Lutz Brangsch – Jg. 1957; Diplomwirtschaftler, Dr. oec., Mitglied des Geschäftsführenden Ausschusses des Vorstandes der Rosa-Luxemburg-Stiftung.

»Das Problem liegt ... nicht da, wo man es häufig vermutet. Es liegt nicht in der Schwierigkeit, eine Lebensweise akzeptabel zu machen, in der fremdbestimmte Arbeit im Leben aller viel weniger Gewicht zukommt. Es liegt nicht in dem ›dringlichsten Verlangen aller‹, eine feste Vollzeitbeschäftigung anzunehmen. Und es liegt auch nicht im Rückstand der Denkweisen gegenüber den Möglichkeiten eines entspannteren und multiaktiven Lebens. Im Gegenteil, es besteht gerade im Rückstand des Politischen gegenüber der Entwicklung der Denkweisen. Es besteht in der Tatsache, daß sämtliche ökonomischen Rechte (Anspruch auf ein volles Einkommen), sozialen Rechte (Anspruch auf soziale Absicherung) und politischen Rechte (Recht auf kollektive Handlung, Repräsentation und Organisation) einzig an die immer seltener werdenden Stellen mit regelmäßiger Vollzeitarbeit gebunden bleiben. Es besteht in der Gefahr, mit dem festen Arbeitsplatz jegliches Einkommen, jegliche Möglichkeit, sinnvollen Aktivitäten nachgehen zu können, jeglichen Kontakt zu anderen etc. zu verlieren. Es besteht folglich darin, daß der Arbeitsplatz ein Wert an sich ist: Und zwar nicht grundsätzlich durch die Befriedigung, die die Arbeit verschafft, sondern durch die Rechte und Möglichkeiten, die an den Besitz des Arbeitsplatzes und allein daran gebunden sind.«

André Gorz: Arbeit zwischen Misere und Utopie, Frankfurt/M. 2000, S. 91 (Hervorhebungen im Original).

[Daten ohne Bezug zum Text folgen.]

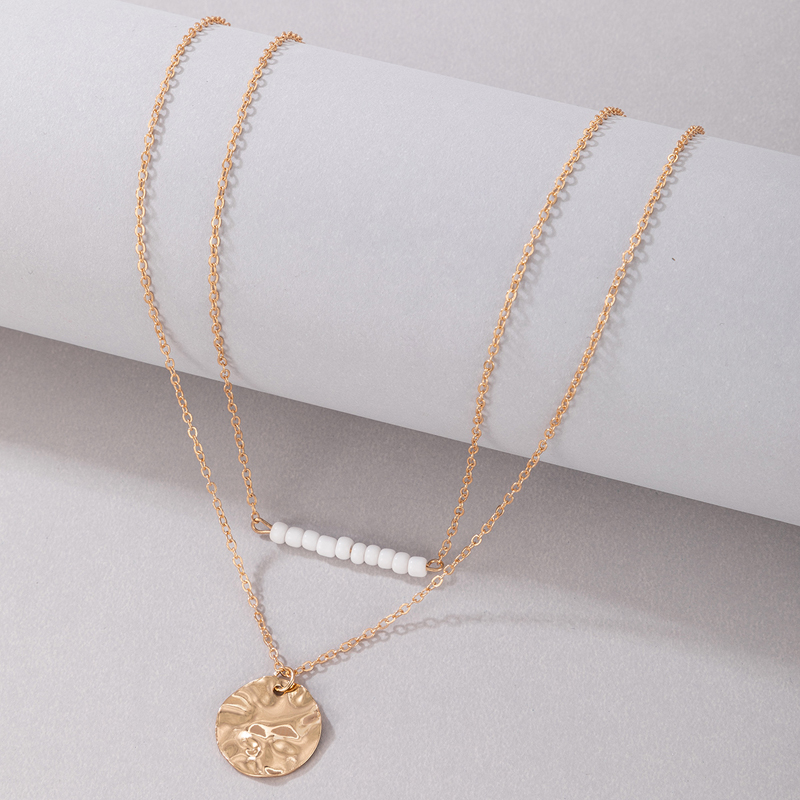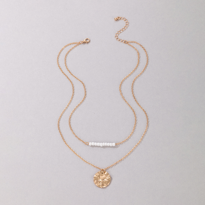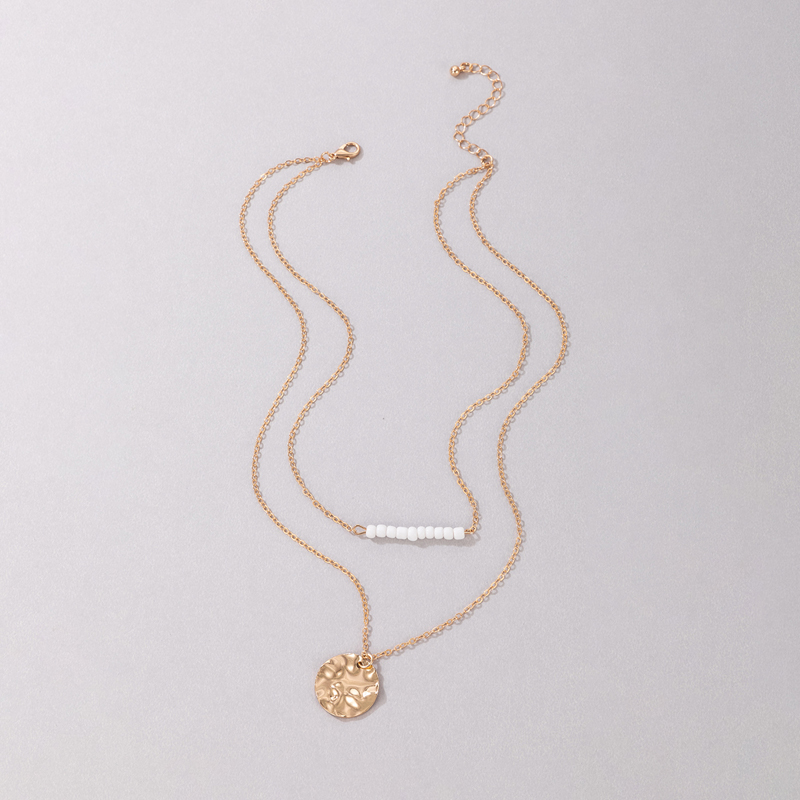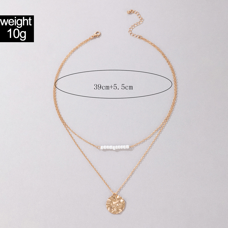 Fleepmart Elegant Pearl Stone Wafer Pendant Necklace for Women Gold Alloy Metal Multilayer Chain Choker Ajustable Jewelry

»Selbst Anhänger eines freien Marktes äußern immer unverhohlener den Verdacht, daß nach dem Kollaps des Kommunismus nur ein Gegner der freien Marktwirtschaft übriggeblieben ist – die freie Marktwirtschaft, die ihre Verantwortung für Demokratie und Gesellschaft abgestreift hat und allein nach der Maxime kurzatmiger Gewinnmaximierung handelt.«

Ulrich Beck: Wohin führt der Weg, der mit dem Ende der Vollbeschäftigungs-gesellschaft beginnt?, in: Ulrich Beck (Hrsg.): Die Zukunft von Arbeit und Demokratie, Frankfurt/M. 2000, S. 14 (Hervorhebung im Original).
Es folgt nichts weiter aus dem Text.